# DATA

────

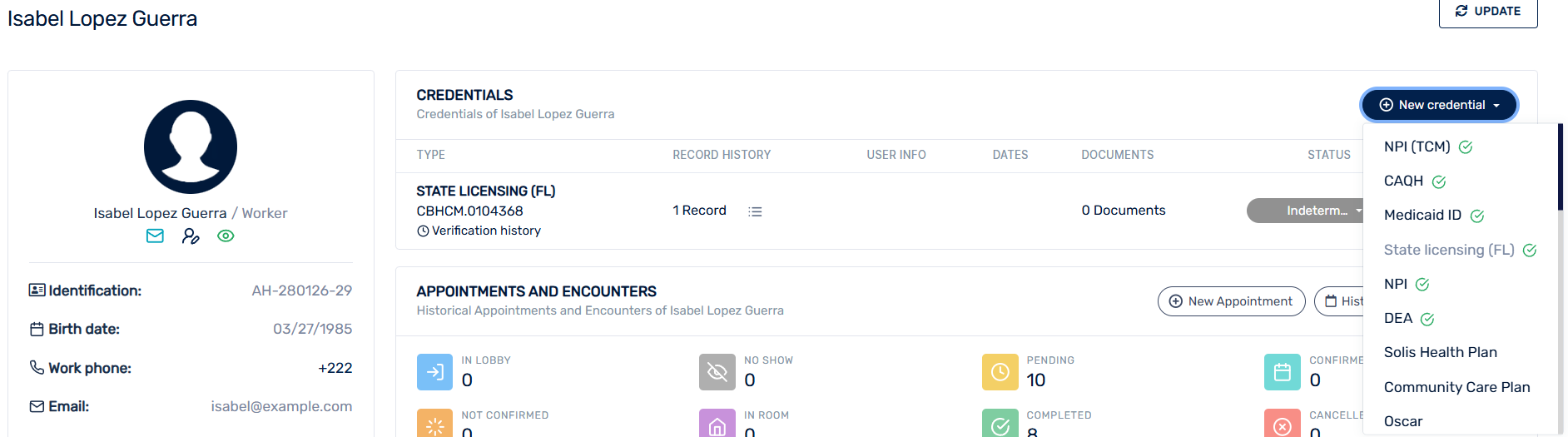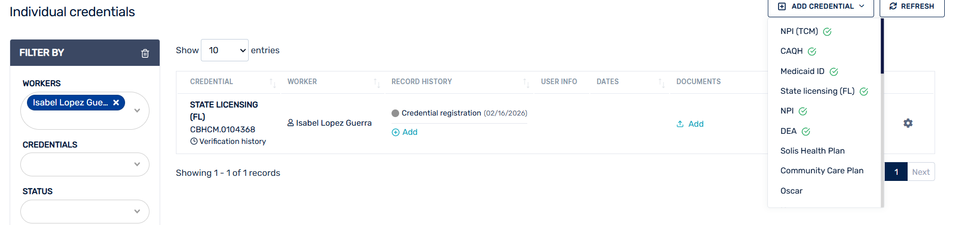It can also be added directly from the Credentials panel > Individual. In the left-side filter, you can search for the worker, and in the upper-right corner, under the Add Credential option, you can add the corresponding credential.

────

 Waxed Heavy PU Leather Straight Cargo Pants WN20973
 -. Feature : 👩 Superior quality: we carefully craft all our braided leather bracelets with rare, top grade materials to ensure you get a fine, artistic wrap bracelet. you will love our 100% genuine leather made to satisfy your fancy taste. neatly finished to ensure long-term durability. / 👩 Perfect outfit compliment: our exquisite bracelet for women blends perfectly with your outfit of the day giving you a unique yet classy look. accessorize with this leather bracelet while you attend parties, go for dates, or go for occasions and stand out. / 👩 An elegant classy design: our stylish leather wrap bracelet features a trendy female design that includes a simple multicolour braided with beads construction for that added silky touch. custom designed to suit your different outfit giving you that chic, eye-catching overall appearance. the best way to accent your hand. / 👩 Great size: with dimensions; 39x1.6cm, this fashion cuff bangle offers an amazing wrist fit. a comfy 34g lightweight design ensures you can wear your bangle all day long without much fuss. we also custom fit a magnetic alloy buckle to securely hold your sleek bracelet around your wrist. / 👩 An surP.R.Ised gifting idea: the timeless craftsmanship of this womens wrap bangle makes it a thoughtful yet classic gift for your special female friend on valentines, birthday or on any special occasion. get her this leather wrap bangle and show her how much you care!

────

# WHAT THIS TASK INVOLVES
Copy range, inclusive: the line holding "Waxed Heavy PU" to the line holding "-. Feature : 👩". Reproduce exactly those lines of the records above and no others.

# ANSWER TO THIS PROBLEM
 Waxed Heavy PU Leather Straight Cargo Pants WN20973
 -. Feature : 👩 Superior quality: we carefully craft all our braided leather bracelets with rare, top grade materials to ensure you get a fine, artistic wrap bracelet. you will love our 100% genuine leather made to satisfy your fancy taste. neatly finished to ensure long-term durability. / 👩 Perfect outfit compliment: our exquisite bracelet for women blends perfectly with your outfit of the day giving you a unique yet classy look. accessorize with this leather bracelet while you attend parties, go for dates, or go for occasions and stand out. / 👩 An elegant classy design: our stylish leather wrap bracelet features a trendy female design that includes a simple multicolour braided with beads construction for that added silky touch. custom designed to suit your different outfit giving you that chic, eye-catching overall appearance. the best way to accent your hand. / 👩 Great size: with dimensions; 39x1.6cm, this fashion cuff bangle offers an amazing wrist fit. a comfy 34g lightweight design ensures you can wear your bangle all day long without much fuss. we also custom fit a magnetic alloy buckle to securely hold your sleek bracelet around your wrist. / 👩 An surP.R.Ised gifting idea: the timeless craftsmanship of this womens wrap bangle makes it a thoughtful yet classic gift for your special female friend on valentines, birthday or on any special occasion. get her this leather wrap bangle and show her how much you care!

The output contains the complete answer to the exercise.